The Good and the Bad..


Just a short post of today.

The Bad: this morning I woke up feeling congested and my wrist was hurting. It was raining.

The Good: I went to the gym around 12.30pm. The sun came out.

The Bad and Good: I lifted a 20lb barbell – keeping my wrist stationery I got through 3 reps not twisting it.

This morning I could have said I’m not going anywhere because I felt horrible, and even though I  still do, I’m glad I left home and did a little. I took some allergy meds and hoped for the best. I would like to be a regular at the gym again – I had 2 weeks off – playtime is over. Legwork is priority during this time while my wrist heels, so no excuses.

I was looking forward to cooking some chicken tonight but I REALLY don’t have the energy for that – the smell and cleaning it. So I shall relax for a bit before I go for my husband. Maybe I’ll do it tomorrow…

Lots of love and liquid sunshine

xx

it’s done..


Today I had my final session with my personal trainer.. it was bittersweet and I gave it my all. I am a bit weary of doing my own workout now but with the changes that I’ve seen, I have confidence in myself that I can do it. I don’t think i’ll be totally alone though. My husband may be joining my gym and after joining me in my last session, I think we’ll become workout partners and we have good gym chemistry lol.

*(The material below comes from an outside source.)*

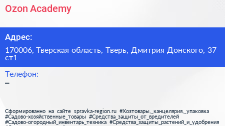 Ozon Academy по адресу 170006, Тверская область, Тверь, Дмитрия Донского, 37 ст1 в дальнейшем Организация, размещена в следующих категориях: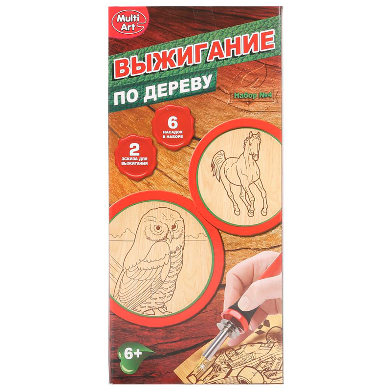 Набор для выжигания MultiArt "Лошадь и Сова" с прибором, 2*A5, картонная коробка

Now to the part to help you! One point my trainer made is the necessity to change up the workout to keep all of the muscles active and also to not get bored!! There are two ways to approach this – the free way and the not so free way :D. If you like buying magazines, SELF magazine offers workout cards that you can tear out and keep with you and TAKE to the gym if you do not exercise at home. You will benefit from the magazine on the whole if you paid for a subscription but the workouts are also available online. The have an app too! I would suggest getting the subscription if anything because this is an excellent magazine – the name alone tells you you’ll be doing a favor to yourSELF *hehe*. The link to Self’s fitness page is: http://www.self.com/fitness.

Another magazine/website is Shape (http://www.shape.com/). They offer a virtual trainer on their website (I haven’t tried this so I can’t say if it’s good or not but i’ll imagine it is) if you like the stay-at-home exercise routine — I personally HATE to exercise at home. I have NO motivation whatsoever and as much as I say I’ll do something, I’ll find other things to do to get out of it. That’s why there are gyms :D.

Personal trainers aren’t the cheapest but they’re worth it. I made a personal effort not to track my weight over the 5 weeks but to take note of how my body was changing; sometimes that’s more important as the scale could be quite depressing misleading. It’s better to pay attention to how your clothes are now fitting and if your body is changing in a way that YOU want it to. So what I’ve done (as advised by my personal trainer) is glue the cards from the magazine to index cards, then I’ll shuffle and choose 5 exercises to do when I go to the gym. Hopefully with my “new” personal trainer I can keep up what’s been started and continue to look the way I want and feel great about myself.

A year doesn’t have to start from January 1st, your year for change can start the day you decide you want it to happen.